Heating system for electric vehicle battery system

Winter is coming soon, and it is time for electric vehicles to face the challenge of low temperatures. The diesel heating system that WM Motor has developed in its electric vehicles is an interesting experiment, which is more for users in the north or even the northeast. The previous initial version of thermal management (PTC electric heating + diesel heating battery pack) mainly focused on batteries. After analysis, it is found that the heating of car owners takes up more energy in winter, and it is more in line with the needs of car owners in the north. The newly added diesel heating cabin function released in the past few days directly provides heat for the air conditioner, and mainly considers using fuel to heat the passengers. By exchanging this heat for electric heating, the problem of air conditioning eroding the battery life in winter is solved. When encountering traffic jams at low temperatures, the more passengers use hot air conditioning, the more obvious the corresponding reduction in energy consumption.

Note: It is troublesome to obtain diesel. Perhaps only users in the north are prepared to buy it. For customers in the south where it is only cold in winter, this thing is useless. No one thinks of preparing diesel to add to it.

According to the diagram, this system is compatible with a hydrothermal system. In battery heating, this auxiliary fuel can also be fully utilized. The design focuses on the low temperature section (-30 degrees ~ 0 degrees): There are not many strategies that can be used for batteries at this stage. The usual practice is to heat the coolant through PTC. If diesel heating is used, a good effect can be achieved in this most difficult section. Above 0 degrees, as the battery can be activated faster, the discharge or charging process can accelerate the temperature of the battery to reach the optimal working point. This aspect is the same.

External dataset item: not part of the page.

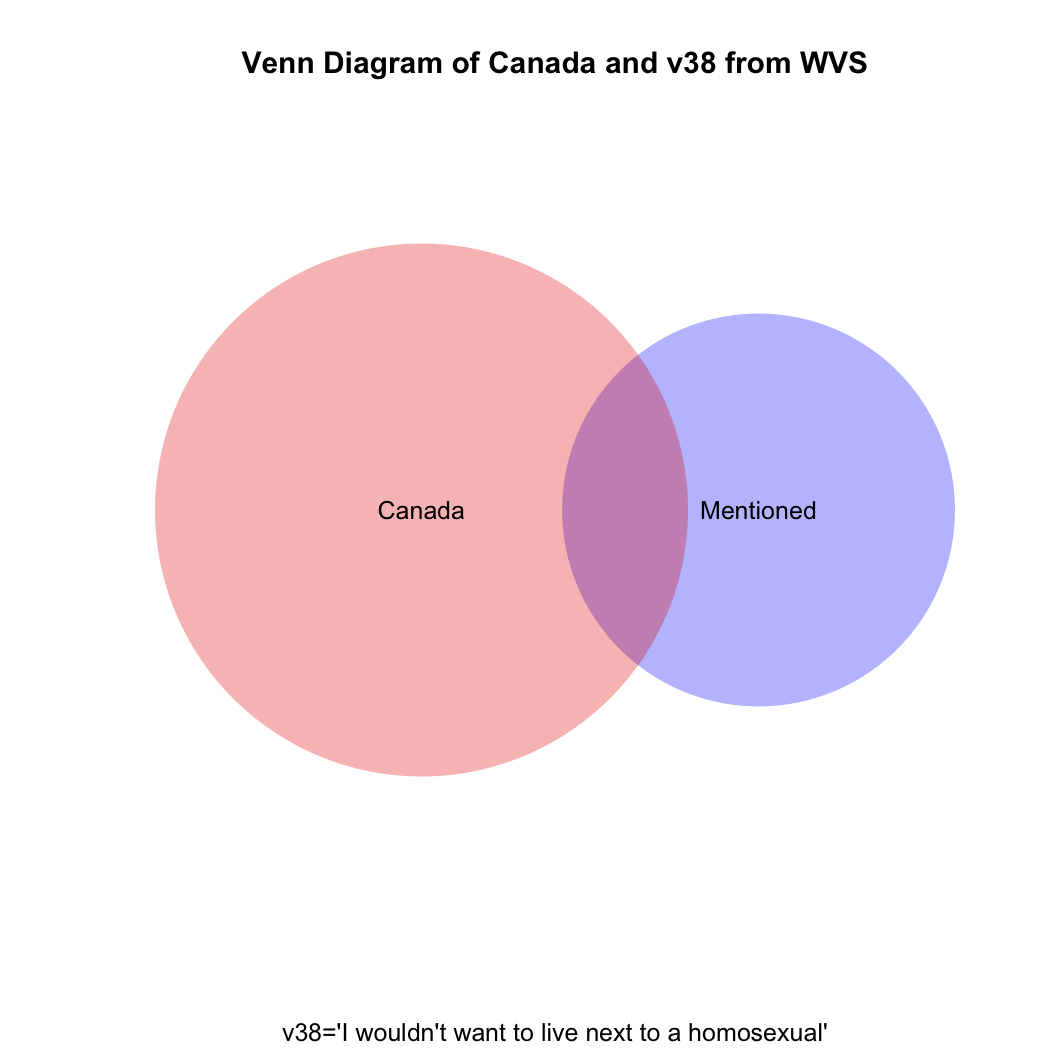 Just eyeballing the venn diagram we can be sure that the proportion of homophobic Canadians is larger than 3.9%. What we need is the proportion of Canadian respondents only(!) who mentioned homosexuals in v38. The code for that is:

In this section, several methods currently proposed include:

Self-heating: using built-in nickel sheets, which we have discussed before

Using electric drive system assistance: Denso tried to use the inverter oscillation method at the high voltage end, and the method used in Tesla later used the method of blocking the rotor to generate heat first, and then use the heated coolant to conduct it to the battery surface

This effect is directly related to the battery size, control strategy and low-temperature battery internal resistance + drive system parameters.

In the figure previously provided by Porsche, its 270kW fast charging power is directly related to the temperature of the battery cell. At low temperatures, the acceptable fast charging power drops a lot (going towards 100kW at 10°, and further down at low temperatures). Porsche did not say much about the heating method except PTC.

Summary: As the fast charging power of 60kW increases to 120kW and 150kW, the heating speed of fast charging in winter will be greatly reduced, and this issue will become a hot topic at this stage.